On a client lunch, I sat primly in the formal dining room, feeling natural in my business suit, easy amongst my companions (a group of Congressmen were seated nonchalantly beside us), and perfectly comfortable uttering menu items like "remoulade," "tarte à la bouillie," and "foi gras" (in both pronunciation and familiarity). All-in-all, a very "grown-up" experience.
Then, as I was perusing the menu -- just prior to selecting the best shrimp and grits I've ever had -- I stumbled across the "Natchitoches meat pies." My decidedly adult moment was washed over by a flash flood of early memories of my maternal grandmother, a grand old cajun lady from Natchitoches, Louisiana -- Granny Lu (derived from "Lula," familiar for "Lavesta").
Although she died when I was young, I vividly remember Granny Lu and her intoxicating blend of southern charm and hard-earned eccentricity. Her house carried the heavy aroma of the township's famous meat pies in the morning, and the scorched sugar scent of pralines in the afternoon.
During our summer stays in Natchitoches, I'd spend my days with my southern cousins, foraging through the waist-high grass of Granny Lu's yard: a tangled habitat for fiberglass deer and other species of plastic lawn wildlife, a beguiling bayou for adventurous kids.

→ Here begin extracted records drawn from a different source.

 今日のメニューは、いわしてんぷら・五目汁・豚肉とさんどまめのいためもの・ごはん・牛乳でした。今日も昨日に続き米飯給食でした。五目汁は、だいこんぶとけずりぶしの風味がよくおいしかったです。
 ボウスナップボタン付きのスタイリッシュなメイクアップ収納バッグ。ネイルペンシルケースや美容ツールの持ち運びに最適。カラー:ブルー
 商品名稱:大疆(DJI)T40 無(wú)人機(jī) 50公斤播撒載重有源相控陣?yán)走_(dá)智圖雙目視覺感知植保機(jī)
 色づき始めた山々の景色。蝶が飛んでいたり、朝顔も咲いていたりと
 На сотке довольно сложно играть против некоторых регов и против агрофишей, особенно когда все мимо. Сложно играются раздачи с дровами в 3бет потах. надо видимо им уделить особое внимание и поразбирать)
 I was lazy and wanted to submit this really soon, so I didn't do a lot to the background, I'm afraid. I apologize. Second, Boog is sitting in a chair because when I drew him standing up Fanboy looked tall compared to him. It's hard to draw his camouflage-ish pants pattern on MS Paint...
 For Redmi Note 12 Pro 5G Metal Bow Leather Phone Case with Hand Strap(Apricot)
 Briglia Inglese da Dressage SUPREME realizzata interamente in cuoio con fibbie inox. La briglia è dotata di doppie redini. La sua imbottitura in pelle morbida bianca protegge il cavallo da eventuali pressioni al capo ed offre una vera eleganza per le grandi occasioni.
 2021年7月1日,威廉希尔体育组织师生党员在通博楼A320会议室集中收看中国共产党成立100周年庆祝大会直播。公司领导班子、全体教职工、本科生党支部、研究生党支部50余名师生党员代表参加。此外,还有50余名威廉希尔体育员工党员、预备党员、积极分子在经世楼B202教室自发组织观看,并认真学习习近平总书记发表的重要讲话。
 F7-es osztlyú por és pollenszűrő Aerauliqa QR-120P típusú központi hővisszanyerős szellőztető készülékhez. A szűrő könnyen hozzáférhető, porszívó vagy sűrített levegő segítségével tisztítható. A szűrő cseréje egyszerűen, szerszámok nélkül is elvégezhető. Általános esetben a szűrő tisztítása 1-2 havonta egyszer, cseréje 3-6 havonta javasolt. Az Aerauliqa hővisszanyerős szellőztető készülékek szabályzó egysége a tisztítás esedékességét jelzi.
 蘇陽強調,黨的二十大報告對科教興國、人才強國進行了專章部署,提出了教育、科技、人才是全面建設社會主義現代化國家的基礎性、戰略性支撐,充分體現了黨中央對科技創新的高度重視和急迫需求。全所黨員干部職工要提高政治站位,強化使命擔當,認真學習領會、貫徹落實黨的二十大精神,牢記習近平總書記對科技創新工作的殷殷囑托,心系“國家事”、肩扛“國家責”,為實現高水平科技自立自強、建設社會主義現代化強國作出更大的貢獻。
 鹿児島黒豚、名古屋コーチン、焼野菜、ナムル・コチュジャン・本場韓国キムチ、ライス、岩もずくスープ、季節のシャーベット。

The scent of my dad's shameless vacation cigars mingled with the tangible heat of the Louisiana summer and my mother's rediscovered drawl would roll across the yard from the porch, where the grown-up's traded old stories and easy laughter.
Nights were more enchanting. Being the only granddaughter, Granny Lu bestowed on me the distinct honor of sharing her great big bed with the special satin sheets and the late-night tales. Long after the parents and cousins and siblings and aunts and uncles were dozing soundly, recharging for another day of slow-like honey fun, Granny Lu would divulge the sacred stories of her girlhood -- misadventures of when she, like me!, was all stumbling alacrity and awestruck by that which surrounded her.
Now that I am a good bit older, a lot wiser, and a little sadder, those memories -- hers and mine -- are carefully stowed, so sharp I can smell the meat pies, so tangible I can feel the slip of satin and the scratch of grass. Even if it takes a piece of my tidy adulthood to stir the stories and bring the best ones, once again, to the surface of remembrance.